[LNT] r263445 - [test-suite] Implement a new option: --single-result

Mon Mar 14 09:50:56 PDT 2016

Author: jamesm
Date: Mon Mar 14 11:50:55 2016
New Revision: 263445

URL: http://llvm.org/viewvc/llvm-project?rev=263445&view=rev
Log:
[test-suite] Implement a new option: --single-result

The idea behind this option is to ease bisecting using tools like 'llvmlab bisect'. With --only-test we can already narrow down the tests we want to run to one test, however we still produce a report.json and exit success no matter if the test passed or failed.

With --single-result, we only perform one test (it sets --only-test) but the exit status of LNT is determined by a predicate which allows it to be used directly with llvmlab exec / llvmlab bisect.

The predicate is set with --single-result-predicate, and is a python expression.
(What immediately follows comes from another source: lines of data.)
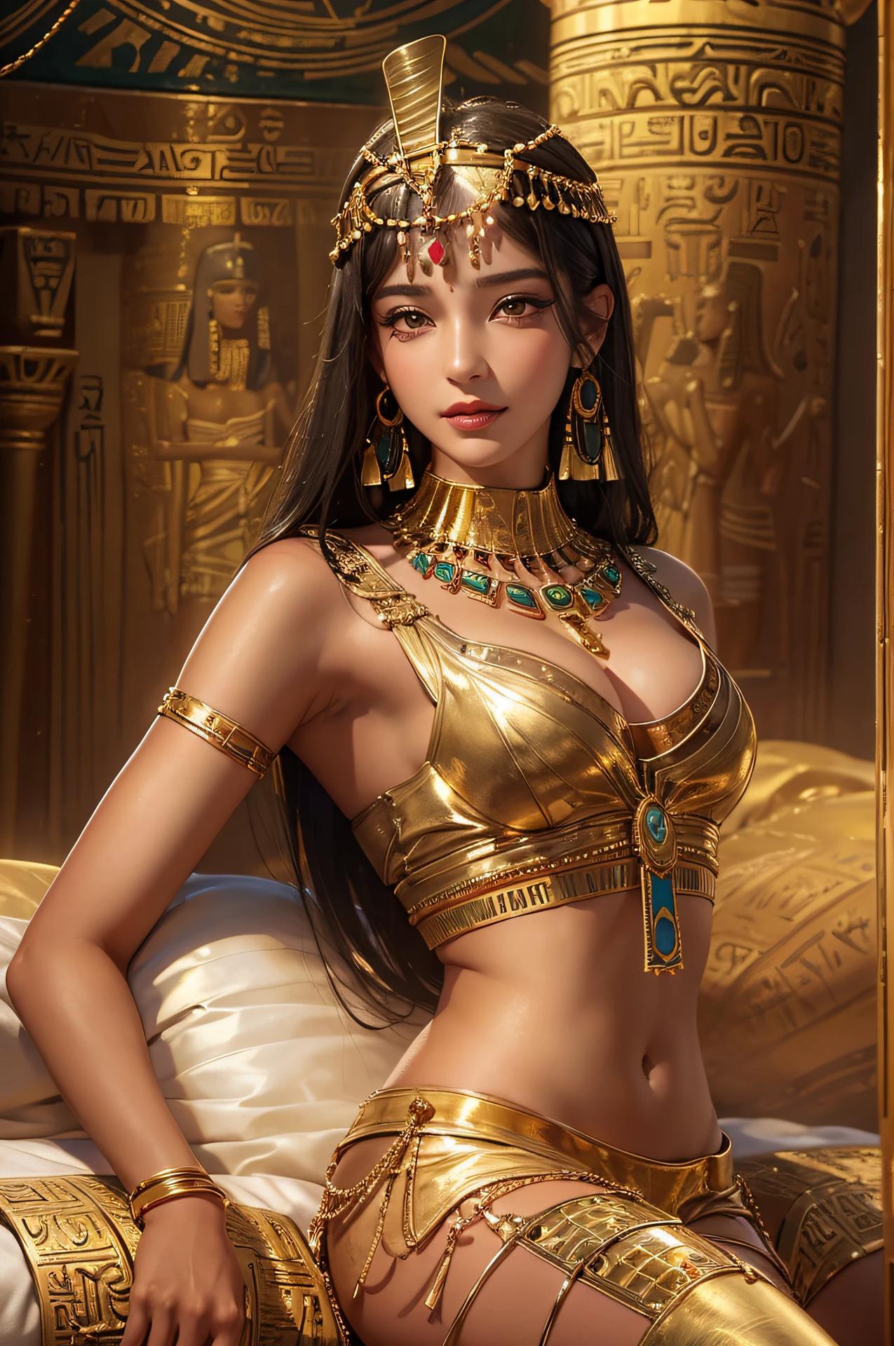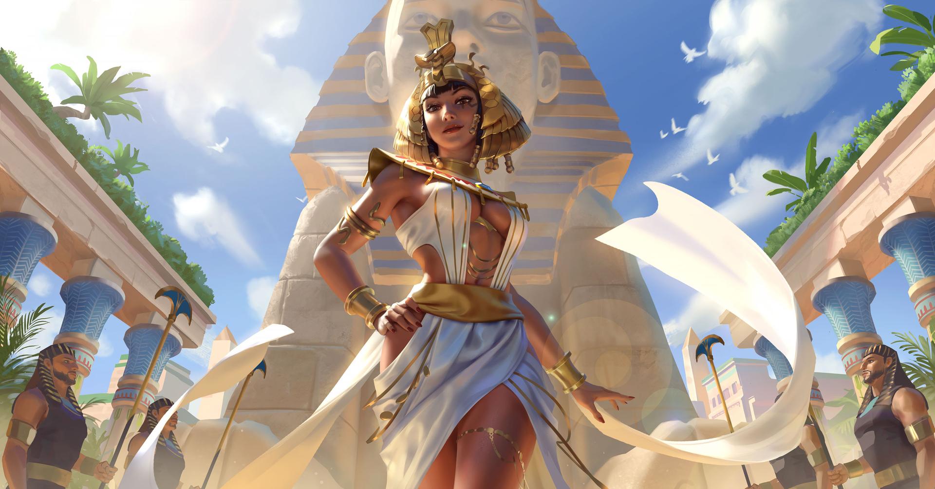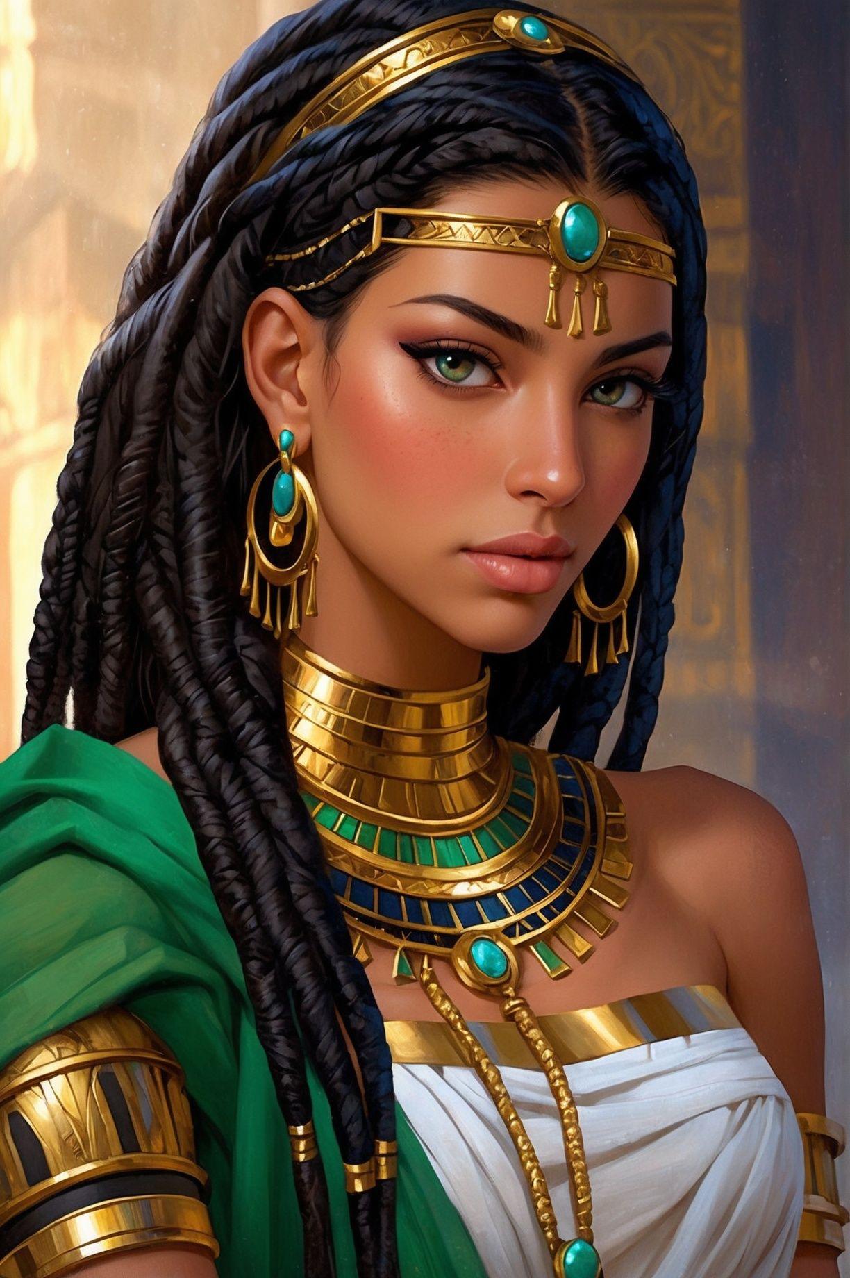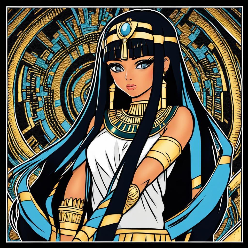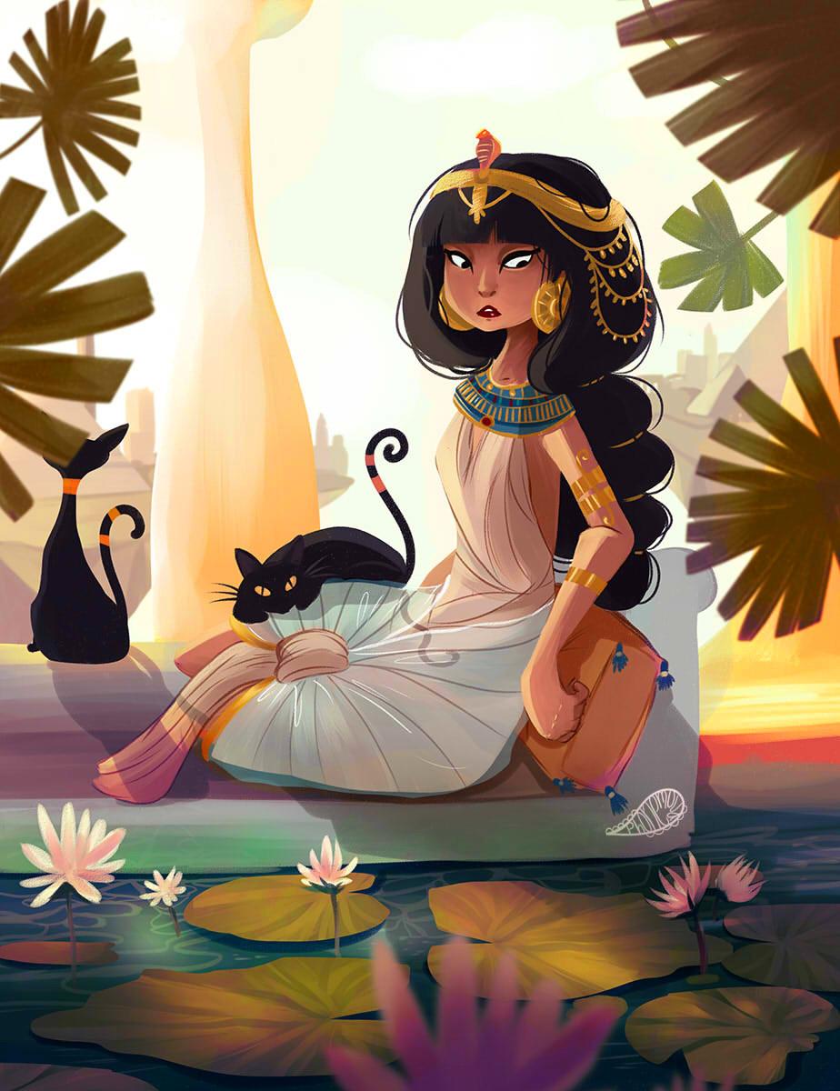 В золотом сиянии древнего Египта предстает Клеопатра - последняя фараон и воплощение женской власти в эпоху, когда миры Востока и Запада соприкасались. Эти иллюстрации раскрывают всю многогранность образа: от величественных портретов с короной урея до интимных сцен с Марком Антонием. Художники мастерски передают атмосферу позднего периода Птолемеев: роскошные дворцы, интриги политиков, смешение культур. Тематические арты показывают Клеопатру в различных ситуациях - от государственных аудиенций до моментов уединения с аспидами. Каждая картинка наполнена символизмом: золотые украшения как знак божественного происхождения, священные животные как проводники воли богов, а Нил как источник жизни и власти. Эти изображения рассказывают о цене амбиций и хрупкости величия.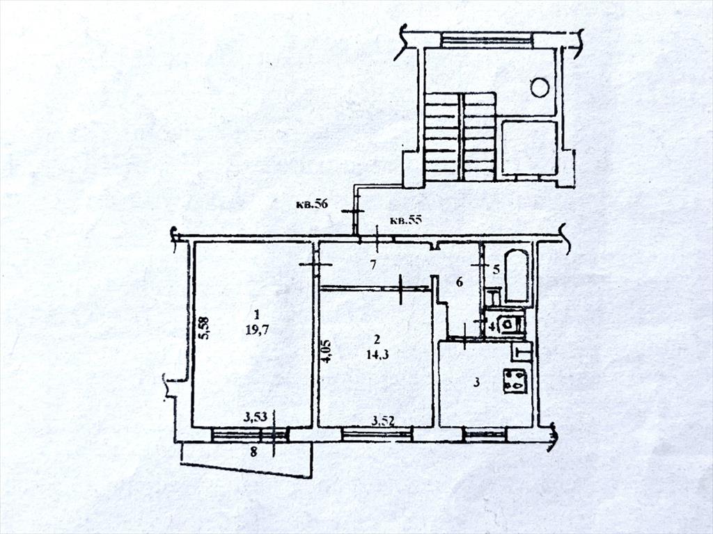 общая 54 м2, жилая 34 м2, кухни 9 м2 |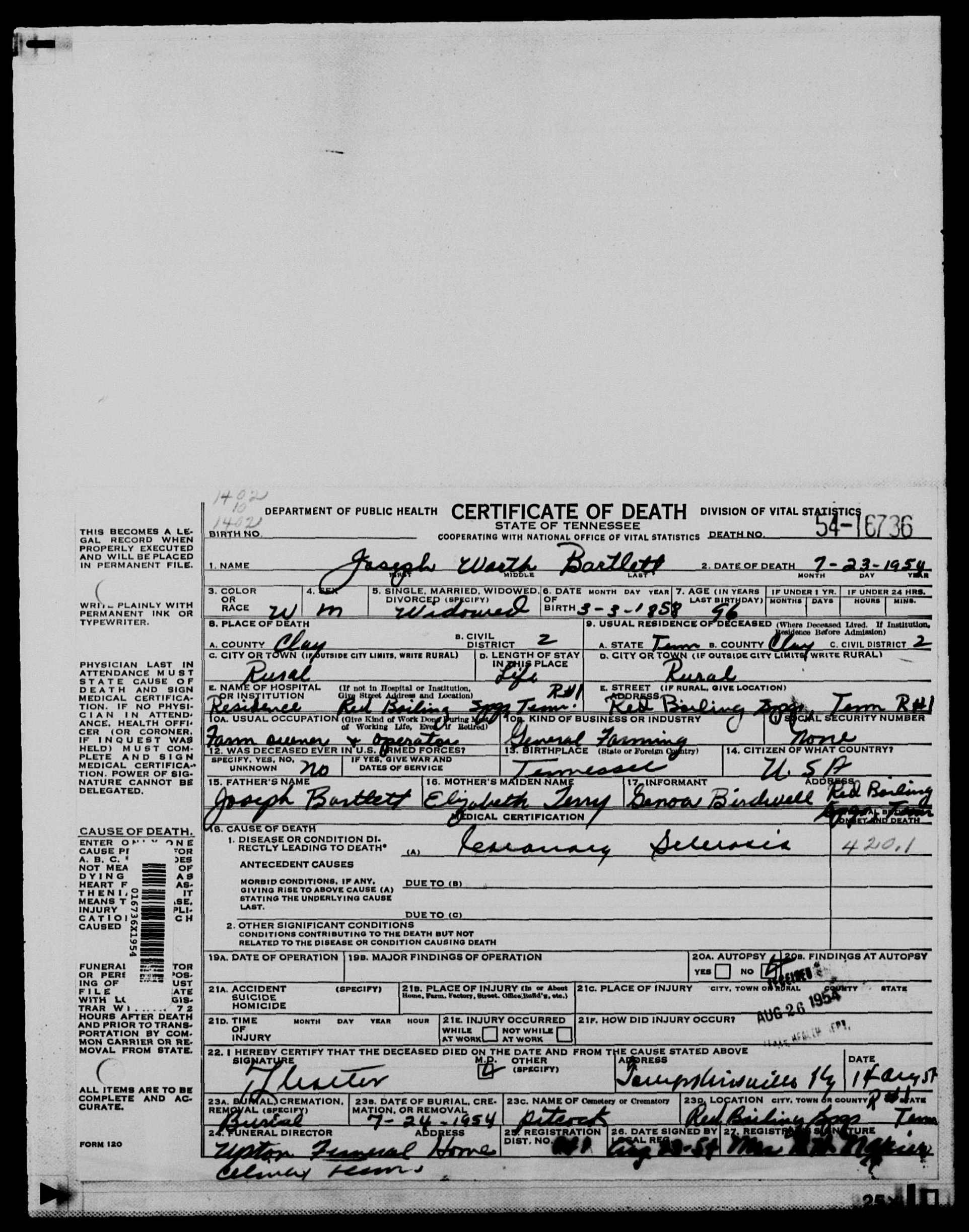 5679. Joseph Worth Bartlett, “Tennessee Death Records, 1914-1955,” Clay County, TN, USA, microfilm, digital folder number: 4181428-image number: 310-film number: 1343066-volume/page/certificate number: cn 16736, https://familysearch.org/pal:/MM9.1.1/NSPL-388.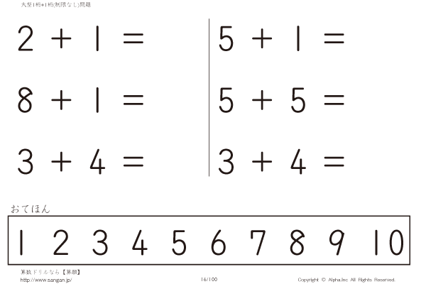 上記のボタンから「大型1桁の足し算(制限なし)」の算数数学ドリル・計算ドリル(PDFプリント)がダウンロードできます。個人利用は無料です(家庭以外での配布は有料です)。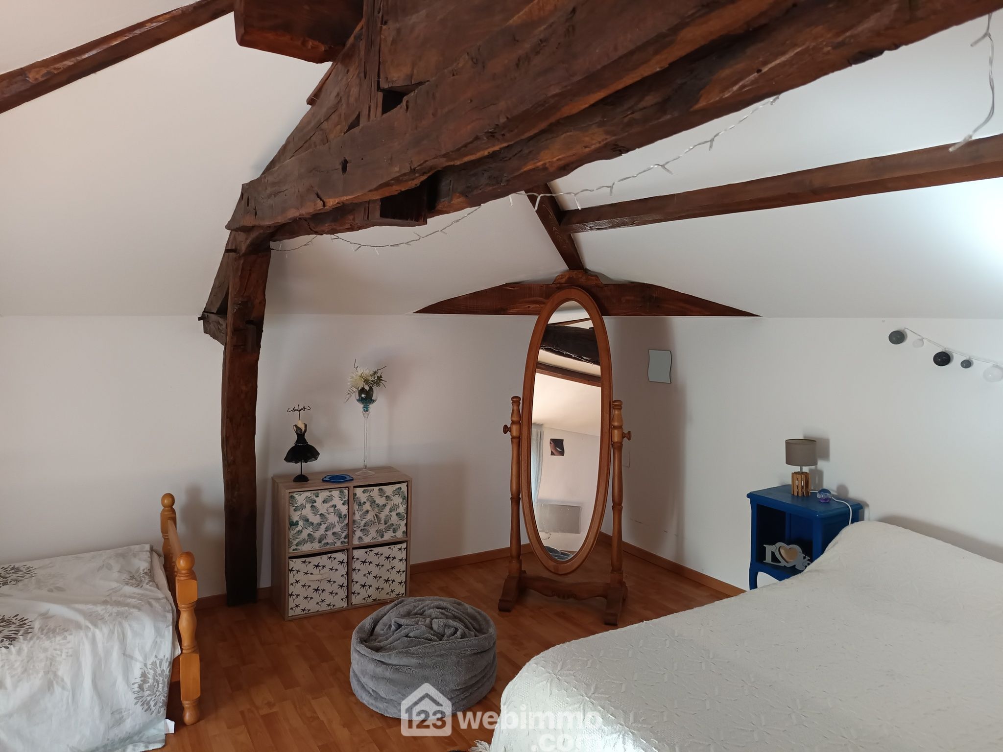 Il y a la possibilité de réaliser facilement deux logements indépendants de 120 m² chacun avec son accès à l'étage (escaliers déjà existants) pour les chambres.
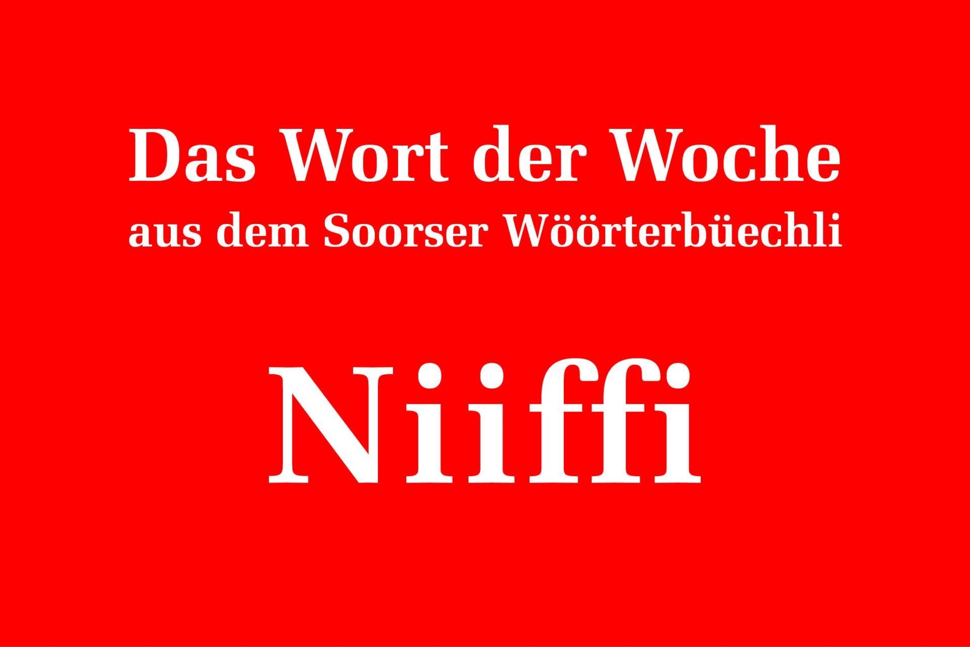 Laut dem «Soorser Wöörterbüechli»* bedeutet «Niiffi» Grimasse, verzogenes Gesicht. Beispiel: «Si hed es Niiffi gmacht».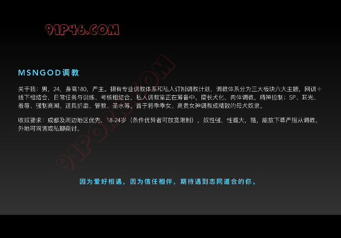 【报名条件】仅单女可报名,年龄18-27,颜值正常,身材正常,无严重疾病,绿码,热爱调教

It is evaluated in a context that contains 'status', a boolean representing the pass or fail status of the test, and all of the metrics exposed by LIT. Where metrics have different names in LIT and LNT parlance (for example 'exec' in LNT and 'exec_time' in LIT) both names are exposed. This has a sideeffect of working around a feature of Python - 'exec' is a keyword so cannot be used as a variable!

The default predicate is simply "status". This causes the exit status of LNT to correspond to the pass/fail status of the test - useful for conformance testing. Predicates such as "status and exec_time > 6.0" allow for simple performance bisections.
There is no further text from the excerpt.